Comments on LBernier at tribune.com

still lookin 4 the face i had b4 the world was made traveler at afn.org
Tue Apr 29 14:06:42 CDT 1997


On Tue, 29 Apr 1997, Jules Siegel wrote:
> Pynchon aside, "Lineland" is notable for the following:
> 
> [1] It may be the first book that has originated from e-mail correspondence.
> I will appreciate hearing about any others.
> 
> [2] It was produced entirely online, except for Dale's brief visit to
[...] 

I think every junior writing teacher/grad student in the English department
at the Univ. of Florida here in Gainesville is trying to do something of the
sort these days.  They are all falling over each other producing web pages,
MUDs, etc.  And the poor freshmen in their composition classes are learning
even less about how to write than before.

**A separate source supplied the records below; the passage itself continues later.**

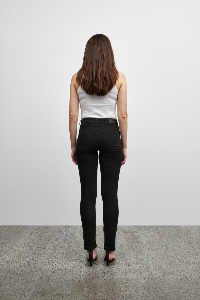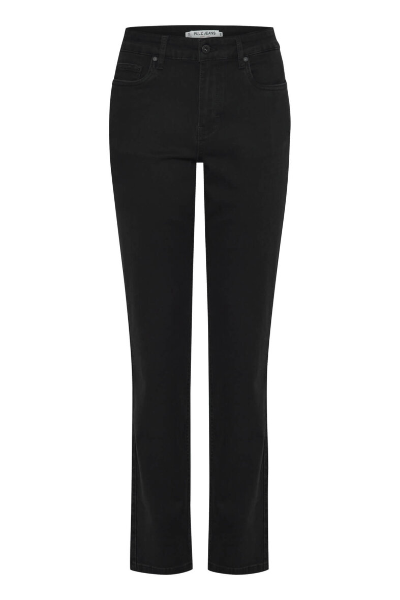 Lækker buks i et klassisk design fra Pulz Jeans. Modellen Emma er en højtaljet buks med straight leg. Den sorte buks har et enkelt og klassisk design. Buksen er lavet i et klassisk jeans design med knap- og lynlåsluk foran, bælte stropper og 5 lommer.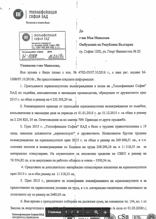 "В изпълнение на Решение № 1149 на Административен съд София-град „Топлофикация София“ ЕАД предостави в рамките на законово определения срок отговори на въпросите, посочени в заявлението на Омбудсмана на Р България. Данните за юрисконсултските възнаграждения са били представени в доклад от 13 февруари 2017г. на Агенцията за държавна финансова инспекция/ № ДИ1СФ-8/13.02.2017г. / след извършена финансова инспекция на „Топлофикация София” ЕАД и са били изпратени и до екипа на омбудсмана.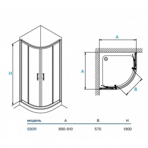 Артикул S90RG Страна Австрия Гарантия 5 лет Длина, см 90 Ширина, см 90 Высота, см 190 Детальное описание Душевое ограждение полукруглое 90х90x190 Koller Pool STYLE стекло матовое. * каленое стекло 4 мм;
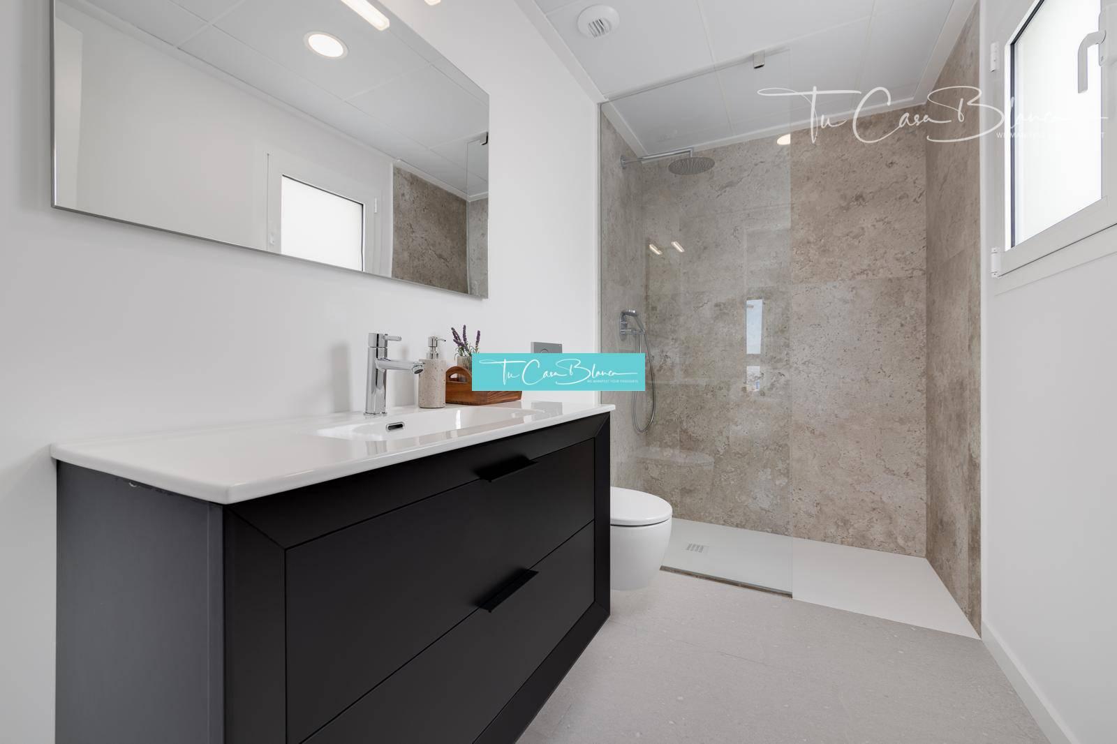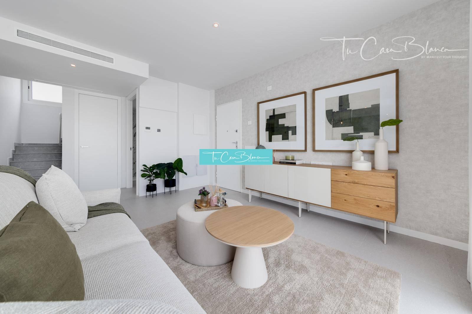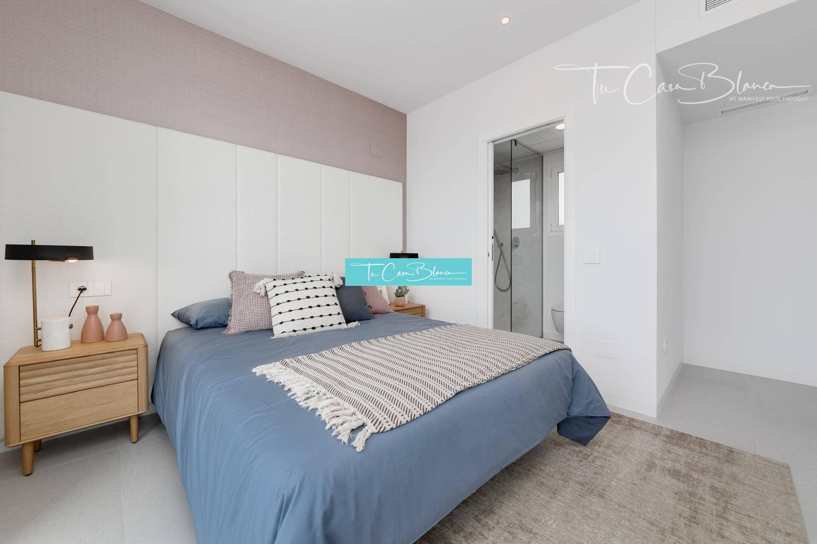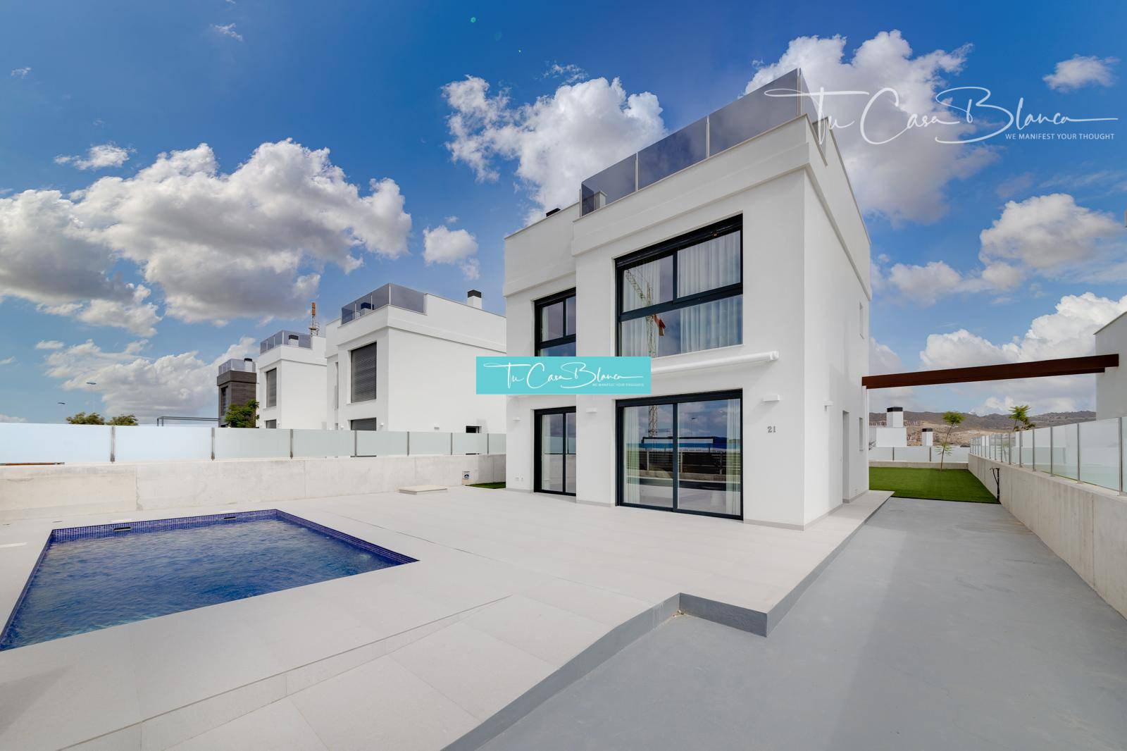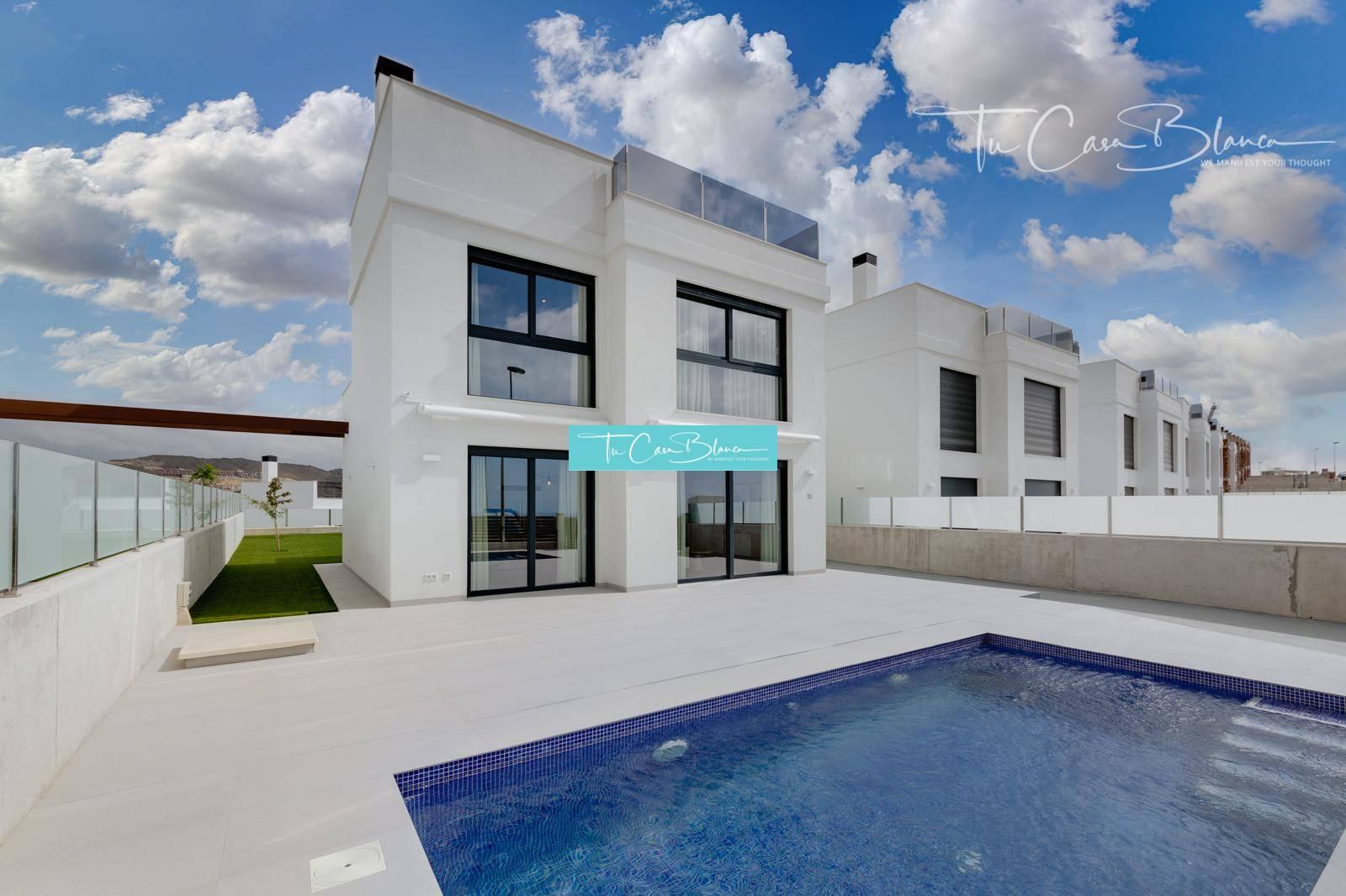 Vila postavená na pozemkoch od 647 m² ponúka zastavanú plochu 243 m² (úžitková plocha 118 m²), pozostáva z 3 spální, 3 kúpeľní, obývacej izby spojené s jedálňou a kuchyňou (vrátane elektrospotrebičov), priestranné terasy s vlastným bazénom. Panoramatické výhľady na more v Campello a San Juan.

See my signature at the end of message for my opinion on the relationship
b/t the Internet and quality literature.

> [3] I not only wrote the text, but I also set it in type and designed the
> book in every aspect, from cover illustration to the back cover copy. Dale
> gave me 100% creative control. I'm sure you can appreciate how revolutionary
> this is.  You will perhaps remember that although I am known as a writer, I
> am also a graphic designer, a very unusual combination. Few authors have
> ever achieved 100% control for text, much less the entire production. Even

This actually strikes me as very old-fashioned...i.e., the sort of thing
that would have been done in the 17th/18th century, when a man could have
read widely in most of the learned fields of the day, built his own printing
press, and written and printed his own collection of works on philosophy,
natural history, religion, etc. 

It is of course becoming a reality again with "desktop publishing." 
However, the very existence of that term indicates that "Lineland" is not
the first (post-)modern book thus produced.  Actually, I used to have a
supervisor at work who was a Pentecostal preacher...she wrote, typeset,
printed, and published her own books on conducting exorcisms and other forms
of "spiritual warfare" (Pentecostals have abducted this term from early
Xtianity and given it a narrow, almost magical definition, apparently). 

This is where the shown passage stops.